Algorithms specific for good approximation of percentiles at minimal CPU and memory cost exist:

  1. Forward Decay

Streaming algorithm for approximating metrics like percentiles over a rolling time window. Older data is 'decayed' (weighted less) automatically so recent values have more impact. Useful for monitoring metrics over time without storing every data point

  1. t-digest

Compact data structure for approximating percentiles and very accurate for extreme tails (p99, p999). Works by clustering data points into centroids, then computing percentiles from those clusters. Efficient in memory and CPU, even fro large datasets

  1. HdrHistogram

High Dynamic Range Histogram. Stores response time counts in a histogram. Tracks latencies from microseconds to hours in a single histogram structure. Supports fast percentile calculations and is suitable for high-throughput monitoring

Approaches for Coping with Load: Ensuring Performance While Increasing Load

There are many ways to deal with scaling and there is no 'magic scaling sauce'

The basis for a scalable architecture lies on the assumptions of which operations will be common and which will be rare, our load parameters.

An architecture that is appropriate for one level of load is unlikely to cope with 10 times that load. For fast growing services, it is common to rethink the architecture on every order of magnitude load increase, or even more often than that.

  • Def: Scaling Up (Vertical Scaling): moving to a more powerful machine

  • Def: Scaling Out (Horizontal Scaling): distributing load across multiple smaller machines

  • Def: Shared-Nothing Architecture: distributing load across multiple machines

In reality, good architecture involves a pragmatic mixture of approaches.
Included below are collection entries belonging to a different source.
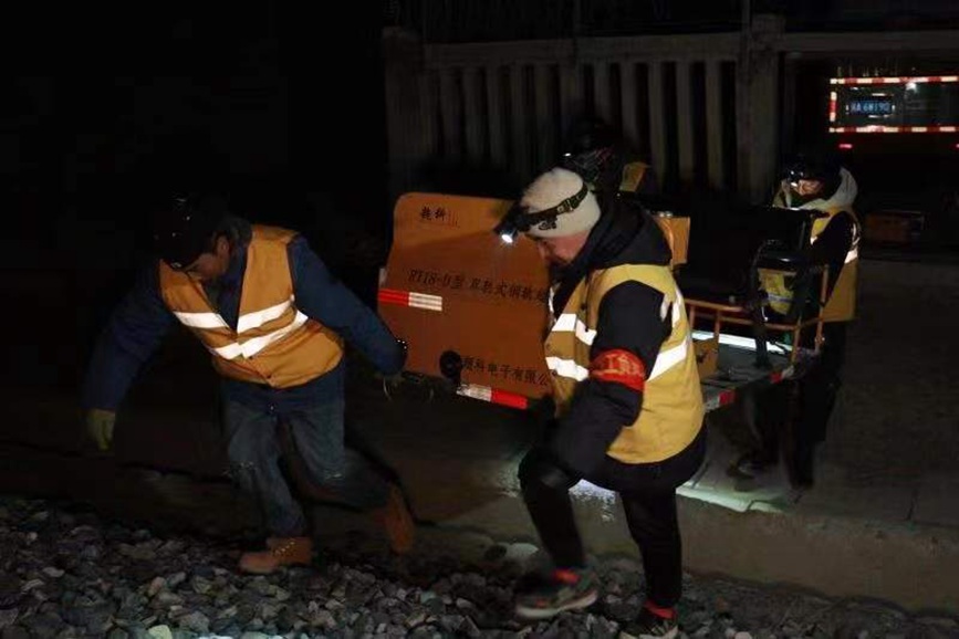 “大家?guī)Ш霉ぞ卟牧?,準備出發(fā)。”22時整,隨著作業(yè)負責(zé)人探傷工區(qū)工長羅布一聲令下,呼嘯的寒風(fēng)中,黃色的“迷你敞篷車”緩緩啟動,載著4名職工,開始了當(dāng)晚對拉林鐵路20多公里線路的探傷檢查任務(wù)。
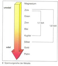 1) Man misst die Stromspannung die entsteht, wenn zwei Metallplättchen in
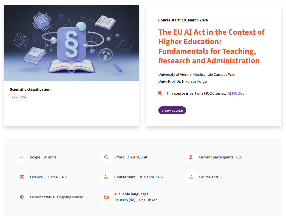 This is freely available (hopefully) high quality content on AI legislation that friends from Hochschule Campus Wien and I have invested quite some effort into. People even start sharing on LinkedIn that they succeeded in completing the course. :-)

Such as using several fairly powerful machines leading to a simpler and cheaper approach rather than a large number of small virtual machines.

  • Def: Elastic: systems that can automatically add computing resources when they detect a load increase. Useful when load is highly unpredictable.
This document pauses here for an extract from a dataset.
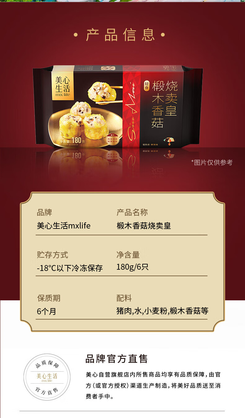 美心生活(MX Life)椴木香菇烧卖皇180g/6只装 粤式美味早八早餐 手工制作面点
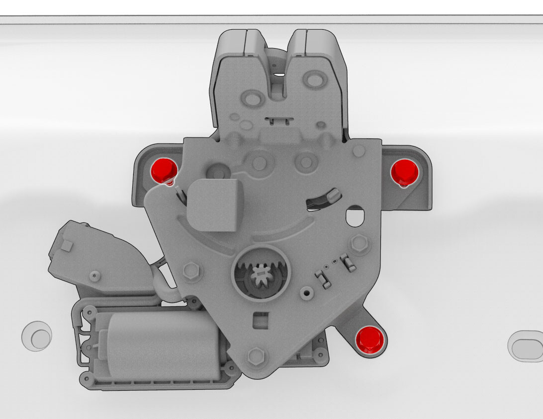 拆卸将后备箱卷带闩锁固定到后备箱盖的螺栓,然后向下滑动闩锁以松开锁片并拆下闩锁。

Distributing stateless services across multiple machines is fairly straightforward.

Distributing stateful data systems from a single node to a distributed set will introduce a lof of additional complexity. Thus, its common wisdom to keep your database on a single node until scaling cost or high availability requirements force you to make it distributed.

  • Def: Magic Scaling Sauce: there is no such thing as a generic, one-size-fits-all scalable architecture (informally known as magic scaling sauce). The problem may vary from the volume of reads, writes, data to store, complexity, etc. Thus the architecture of systems that operate at a large scale are usually highly specific to the application.

The foundation for an architecture that scales well for a particular application is built around assumptions of which operations will be common and which are rare, indicated by our load parameters.

The issue lies in incorrect assumptions, which will lead to the engineering effort for scaling to be at best wasted and at worst be counterproductive.

Maintainability: Happy Operators, Simple Abstractions, Happy Future Developers

Intro

Over time, different people will build, work, and add to systems both maintaining behavior and adapting the system, and they should all be able to work on it 'productively'

The most expensive cost of software is not in its initial development, but in its ongoing maintenance, fixing bugs, keeping systems operational, investigating failures, adapting to new platforms, repaying technical depth, etc.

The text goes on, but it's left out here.